(Stored data)
....

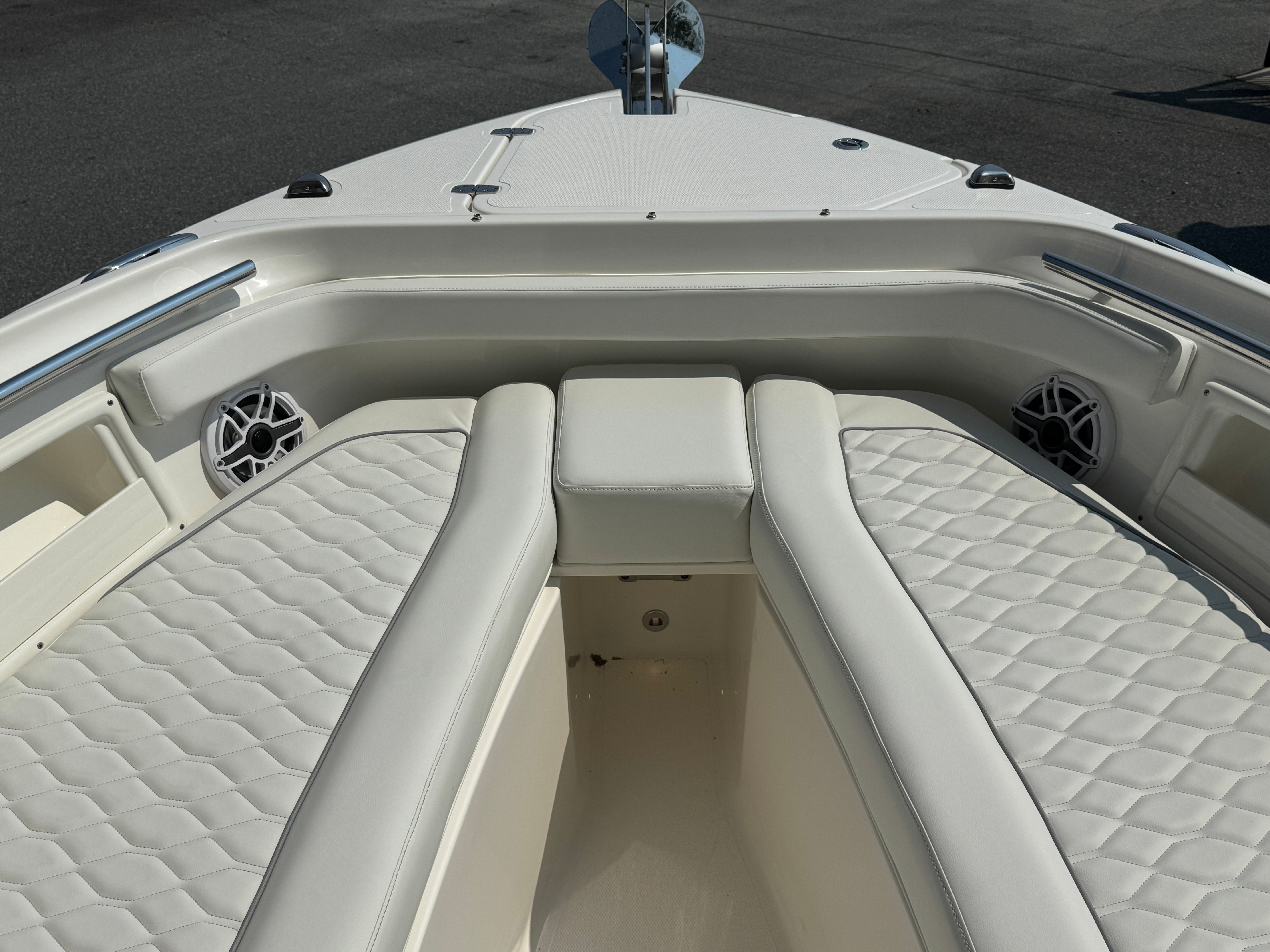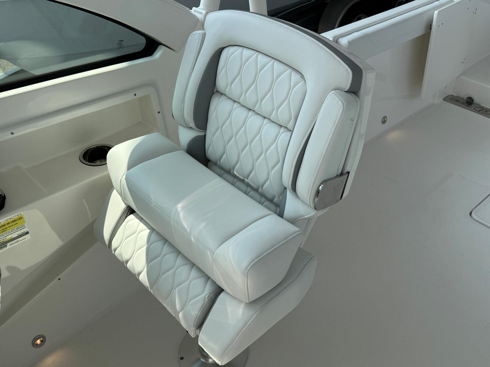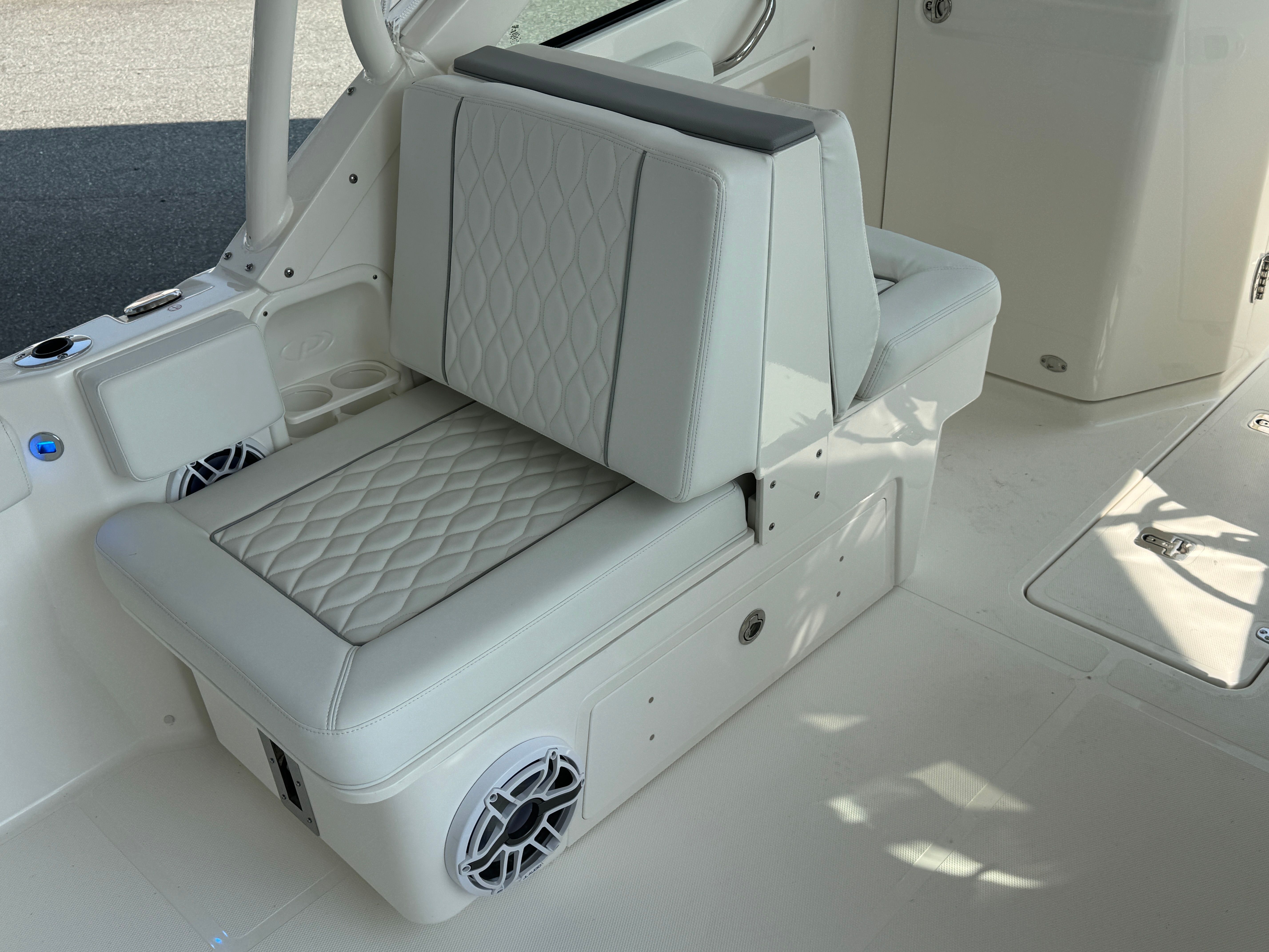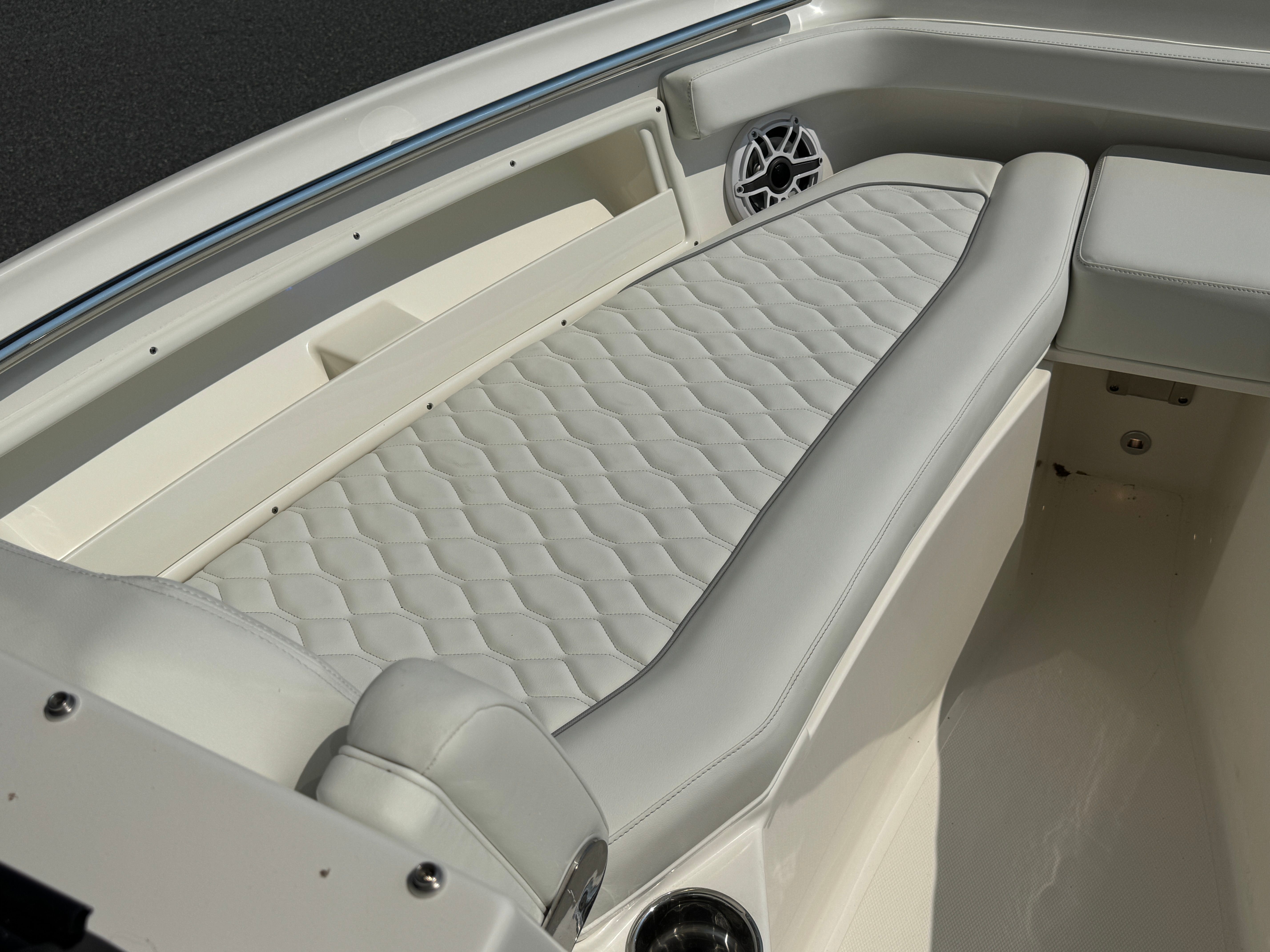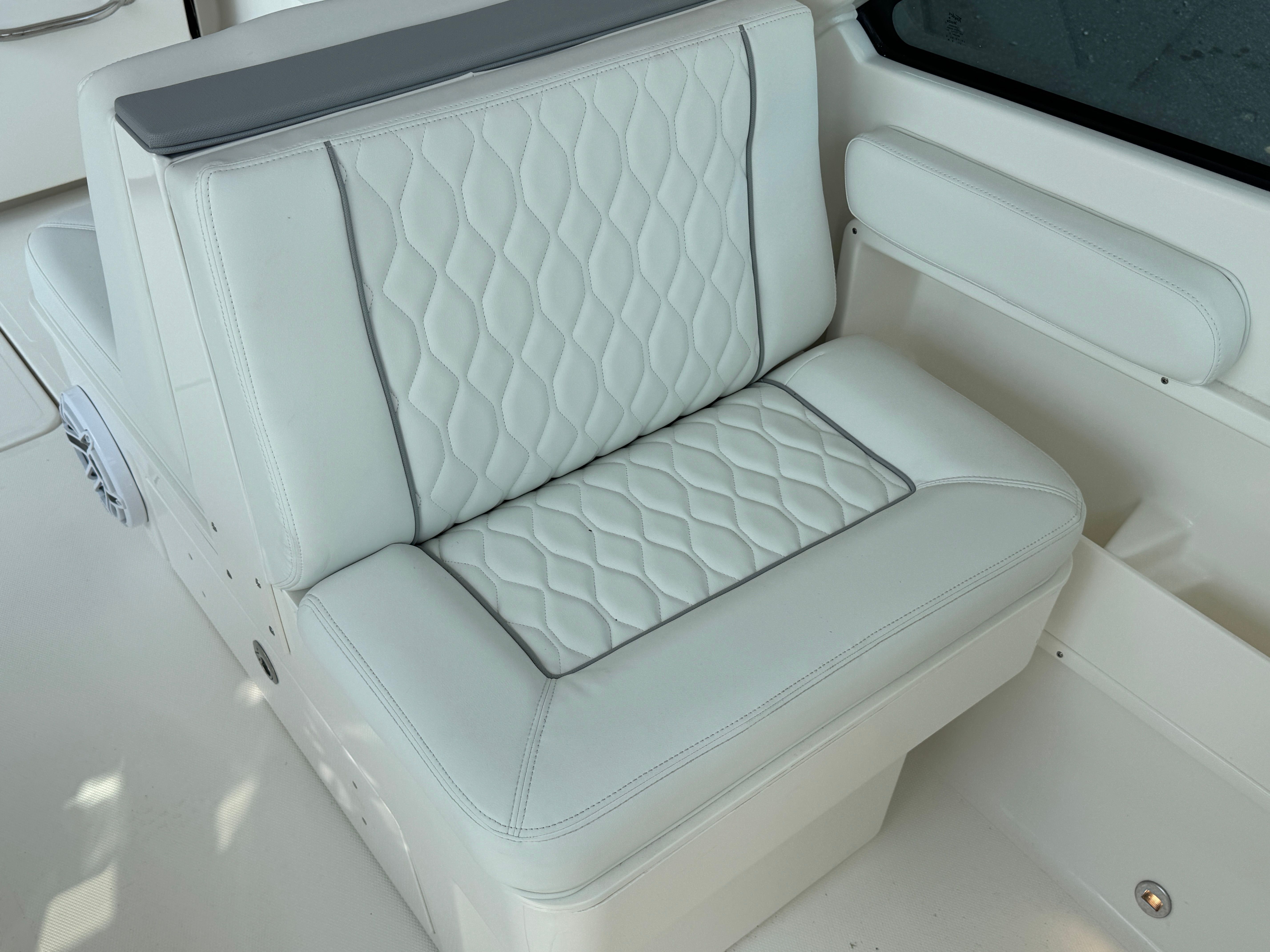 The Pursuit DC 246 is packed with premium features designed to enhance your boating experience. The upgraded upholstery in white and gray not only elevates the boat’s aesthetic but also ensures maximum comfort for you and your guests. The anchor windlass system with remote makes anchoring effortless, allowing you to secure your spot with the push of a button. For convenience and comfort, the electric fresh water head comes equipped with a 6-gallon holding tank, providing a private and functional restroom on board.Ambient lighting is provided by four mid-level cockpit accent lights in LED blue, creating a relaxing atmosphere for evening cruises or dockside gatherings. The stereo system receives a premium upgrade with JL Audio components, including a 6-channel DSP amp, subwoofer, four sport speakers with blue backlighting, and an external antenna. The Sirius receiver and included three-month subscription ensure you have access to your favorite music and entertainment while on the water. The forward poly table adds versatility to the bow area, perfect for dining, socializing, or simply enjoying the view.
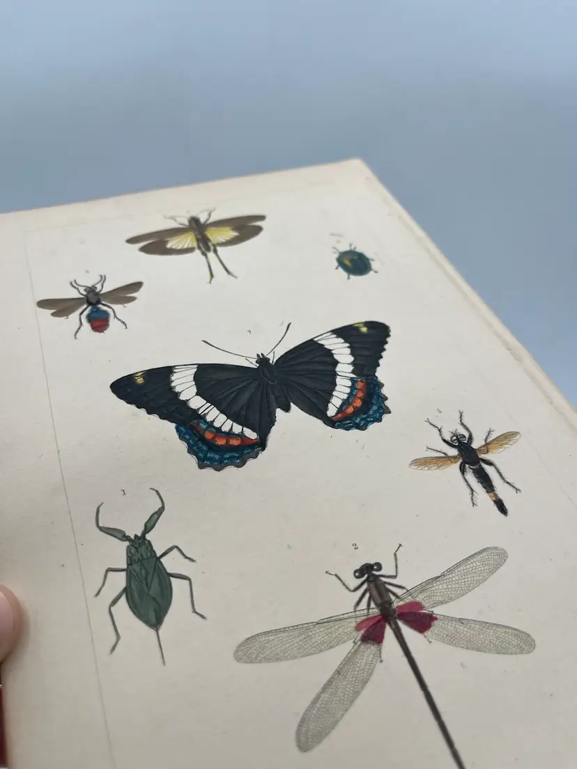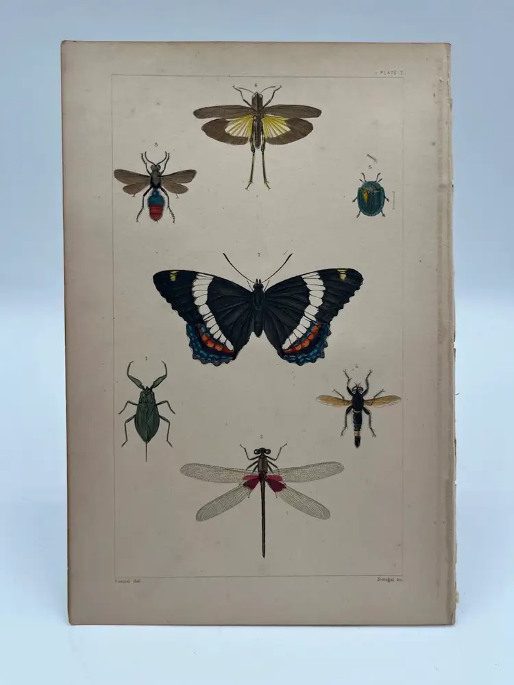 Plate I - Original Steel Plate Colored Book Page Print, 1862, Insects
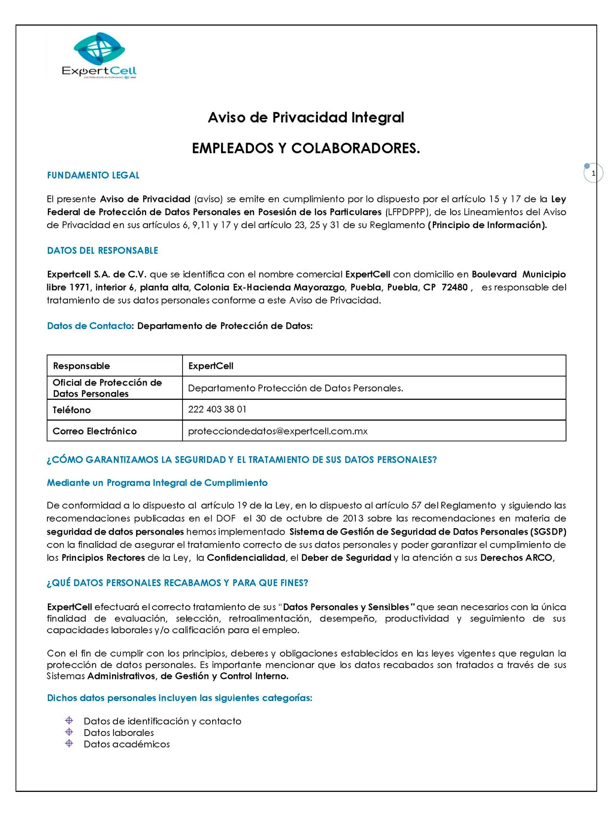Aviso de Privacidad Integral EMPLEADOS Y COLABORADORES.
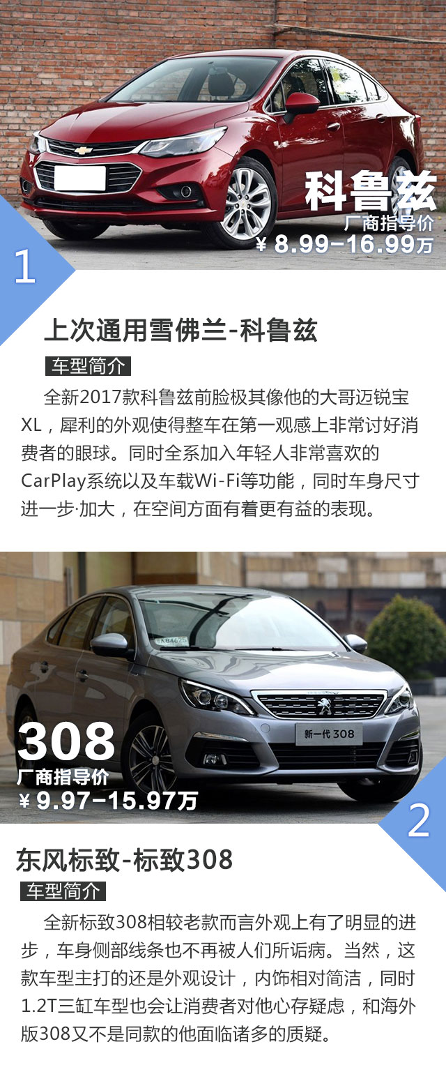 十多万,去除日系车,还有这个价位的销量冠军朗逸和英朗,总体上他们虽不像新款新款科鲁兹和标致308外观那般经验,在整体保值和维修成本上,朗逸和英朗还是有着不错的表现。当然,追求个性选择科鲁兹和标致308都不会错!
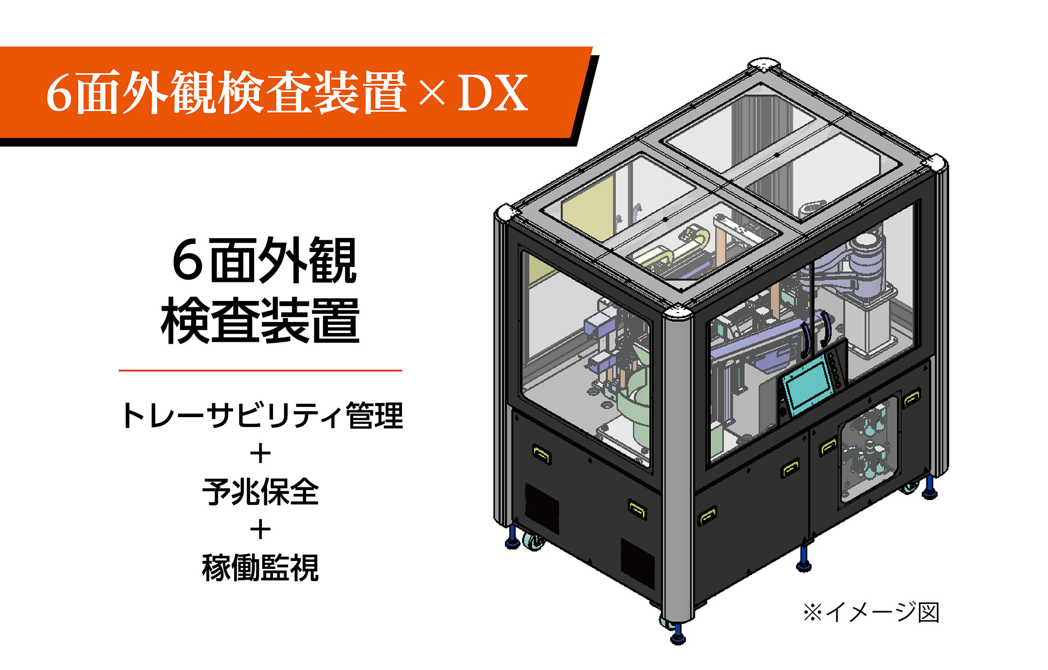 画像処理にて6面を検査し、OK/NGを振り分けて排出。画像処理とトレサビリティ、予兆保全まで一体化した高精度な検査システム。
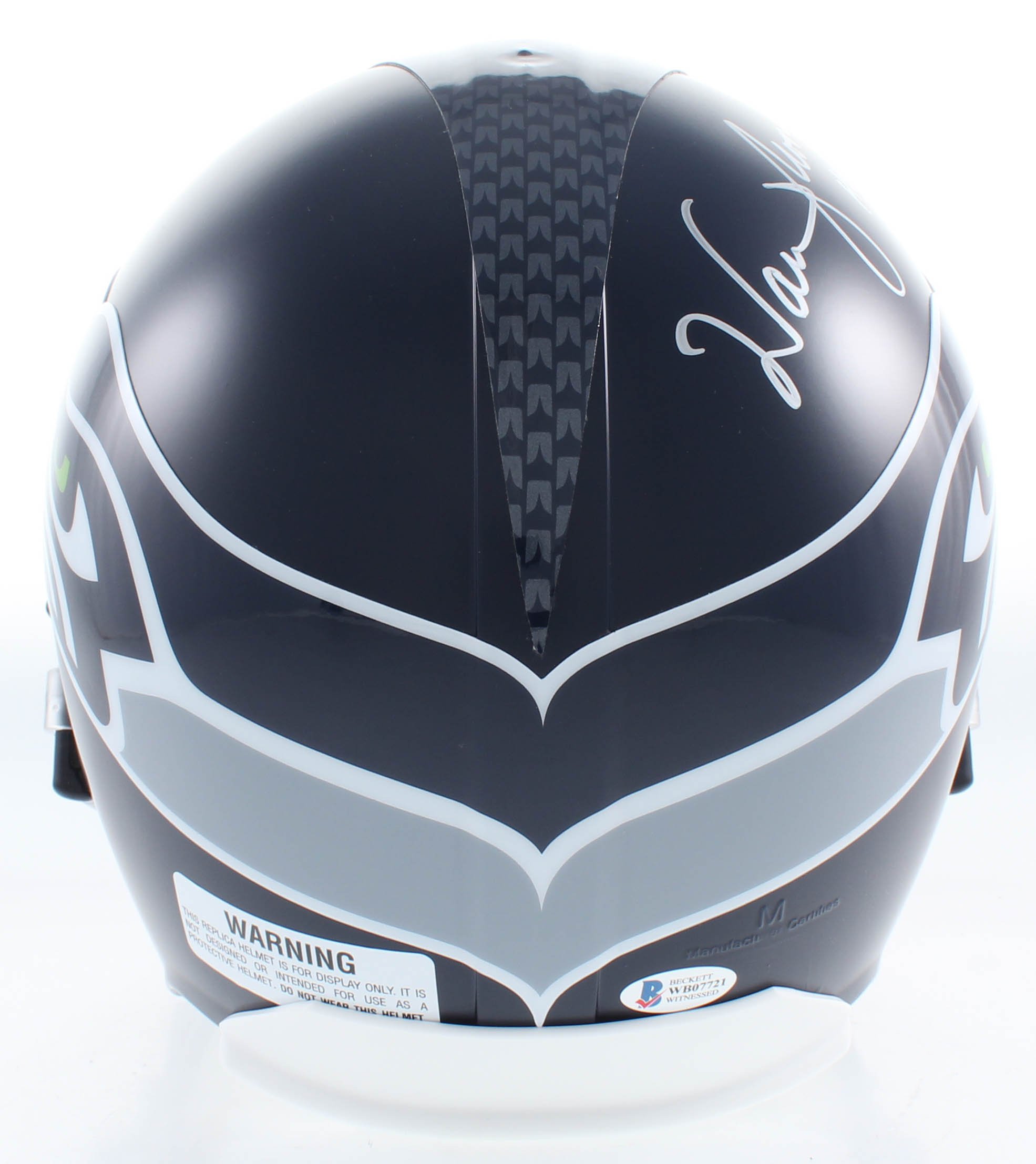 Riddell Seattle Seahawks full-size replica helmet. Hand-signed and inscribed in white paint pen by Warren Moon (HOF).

....

Transcribe each record exactly as it appears, but omit every picture.

→ EXERCISE SOLUTION
 The Pursuit DC 246 is packed with premium features designed to enhance your boating experience. The upgraded upholstery in white and gray not only elevates the boat’s aesthetic but also ensures maximum comfort for you and your guests. The anchor windlass system with remote makes anchoring effortless, allowing you to secure your spot with the push of a button. For convenience and comfort, the electric fresh water head comes equipped with a 6-gallon holding tank, providing a private and functional restroom on board.Ambient lighting is provided by four mid-level cockpit accent lights in LED blue, creating a relaxing atmosphere for evening cruises or dockside gatherings. The stereo system receives a premium upgrade with JL Audio components, including a 6-channel DSP amp, subwoofer, four sport speakers with blue backlighting, and an external antenna. The Sirius receiver and included three-month subscription ensure you have access to your favorite music and entertainment while on the water. The forward poly table adds versatility to the bow area, perfect for dining, socializing, or simply enjoying the view.
 Plate I - Original Steel Plate Colored Book Page Print, 1862, Insects
Aviso de Privacidad Integral EMPLEADOS Y COLABORADORES.
 十多万,去除日系车,还有这个价位的销量冠军朗逸和英朗,总体上他们虽不像新款新款科鲁兹和标致308外观那般经验,在整体保值和维修成本上,朗逸和英朗还是有着不错的表现。当然,追求个性选择科鲁兹和标致308都不会错!
 画像処理にて6面を検査し、OK/NGを振り分けて排出。画像処理とトレサビリティ、予兆保全まで一体化した高精度な検査システム。
 Riddell Seattle Seahawks full-size replica helmet. Hand-signed and inscribed in white paint pen by Warren Moon (HOF).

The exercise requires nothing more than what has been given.